This week, human blinkers were proposed to help office workers focus
This week on Dezeen, blinkers to help office workers focus and personal urinals for vulnerable refugee women were just a couple of solutions proposed by designers for global issues.
Panasonic unveiled a prototype device called Wear Space for distracted office workers to wear in order to create a bubble of quiet space in a noisy open plan office.
A collaboration between the tech company's design studio Future Life Factory and Japanese fashion designer Kunihiko Morinaga, the blinkers restrict the wearer's field of vision to 60 percent, and muffles their hearing with noise cancelling headphones.
American designer Anna Meddaugh devised a portable toilet for women in refugee camps to use at night, rather than run the risk of sexual assault when using communal latrines after dark.

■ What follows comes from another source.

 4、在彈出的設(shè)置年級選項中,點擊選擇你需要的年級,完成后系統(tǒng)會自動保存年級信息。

The reusable Night Loo folds open at the top like a takeaway box for the user to relieve themselves into, before pouring in a sachet of super-absorbent polymer that soaks up the liquid and eliminates odours.
After last week's dispiriting news about impending climate crisis, Dezeen editor-in-chief Marcus Fairs asked whether humans have the ingenuity to design our way out of the anthropocene era. "Humans are clever. They can solve problems. There is hope," he was told by an optimistic Thomas Heatherwick.

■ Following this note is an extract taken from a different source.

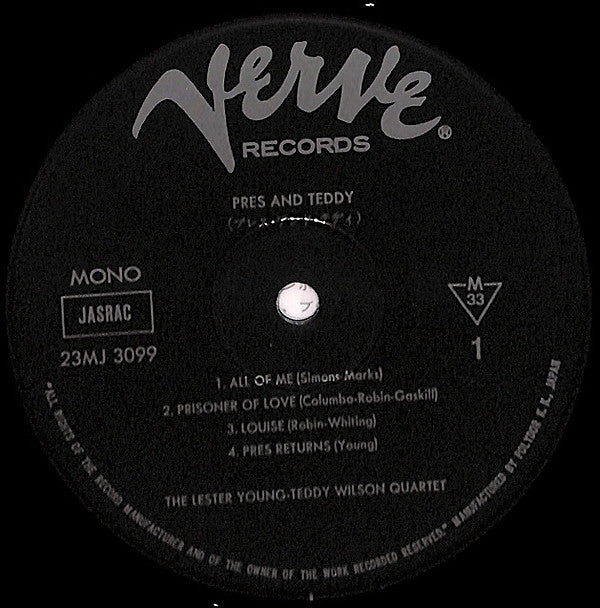 The Lester Young-Teddy Wilson Quartet - Pres And Teddy (LP, Album, Reissue, Mono) - Very Good (VG) / Very Good Plus (VG+)

Geoengineering, where humans intervene on a mass scale in the planet's climate, is one option that's rapidly gaining popularity. Dezeen put together a handy guide to the five big geoengineering solutions to counteract human induced global warming.
On a smaller scale of green solutions, Bjarke Ingels Group collaborated with lighting brand Artemide on a lamp that changes colour to help indoor plants photosynthesise, grow and blossom.

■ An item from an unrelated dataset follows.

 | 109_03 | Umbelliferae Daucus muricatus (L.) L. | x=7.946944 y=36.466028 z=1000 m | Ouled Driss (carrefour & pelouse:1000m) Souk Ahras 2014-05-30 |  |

Riga Design and Art School graduate Keita Augstkalne has also created a system to help houseplants. Her intravenous drip system regulates the flow of water into potted plants that have withered from dehydration due to neglect.
Kengo Kuma recycled in Taiwan, where he stacked pre-used shipping containers to create a drive-thru Starbucks coffee shop for a new shopping centre.
Mecanoo completed another Taiwanese project, but on a larger scale. With its distinctive bulging roof, the 141,000-square-metre National Kaohsiung Centre for the Arts is the largest performing arts centre in the world.
In architecture news Pritzker prize-winner Álvaro Siza used blocks of red sandstone to clad the irregular volumes of the new International Design Museum of China in Hangzhou.
In Christchurch, New Zealand, Schmidt Hammer Lassen unveiled a library wrapped in a folded golden screen. The project is one of nine cornerstone buildings in the rebuilding of the city after it was devastated by earthquakes in 2011.
Projects that were popular on Dezeen this week include a housing complex in Mexico City made from caramel-coloured concrete, a sugar-pink pebbledash church hall in Fuzhou, and Damien Hirst's new Soho headquarters covered in glazed turquoise bricks.